その中心となる写真はバングラデシュの首都ダッカで撮影したイスラム教の祝祭「イード」だ。
寺本さんが初めてイードを目にしたのは20年ほど前。それはまったくの偶然だった。
「当時、バックパッカーの旅をしていたんです。大学を卒業後、広い世界を見てやろう、みたいな。まあ、よくある話なんですけれど。それで、タイからネパールに行く途中、一晩、ダッカに立ち寄った」
ダッカの空港はうんざりするほど非効率で、バスでトランジットホテルへ向かったときはすでに夕方だった。

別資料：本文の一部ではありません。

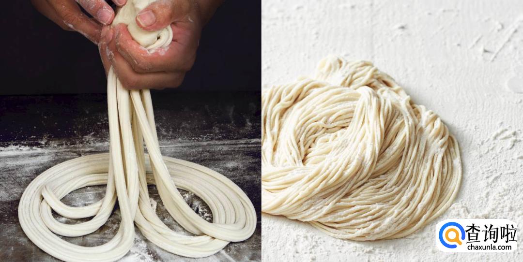 “醒”好后,面即可拉开。为了拉细,有时可先把面再捻搓成细条盘在涂油的案板上,然后拉细下入开水锅内煮,待煮熟捞出放在凉开水中过一下,使其具有韧劲,不粘糊,就可盛入盘内拌以炒好的菜,并放入醋、辣子食用。

「乗り込んだエアポートバスは日本で使い古された幼稚園バスだった。薄暗いなか、目に飛び込んできた車窓の光景が強烈でしたね。動物の首がごろごろ転がっている。もう街中が家畜の解体現場だった。こりゃ、いったい何なんだ? とひたすらびっくりしていました。バスのウインカーが出るたびに『右に曲がります』って、アナウンスが聞こえたのをよく覚えています。シュールな光景でした」
イードは「犠牲祭」とも呼ばれ、慣例行事として金銭的に恵まれている人が家畜を提供し、その肉や料理を周囲の人々と分け合う。そのことを寺本さんが知ったのは後のことだ。
■「ずっとモヤモヤしていた」
寺本さんはダッカで目にした光景について知った後も「ずっとモヤモヤしていた」と言う。それが再び、この地を訪れ、イードを撮影する動機となった。
寺本さんは、その「モヤモヤ」について話し始めた。
「いま、ぼくは飲食店を経営しているんです。まあ、カレー屋みたいなものなんですけれど。それで日々、キロ単位でお肉を買ってくる」
肉はスーパーなどで販売されているものと同様、調理しやすいように必要な部位が真空パックされている。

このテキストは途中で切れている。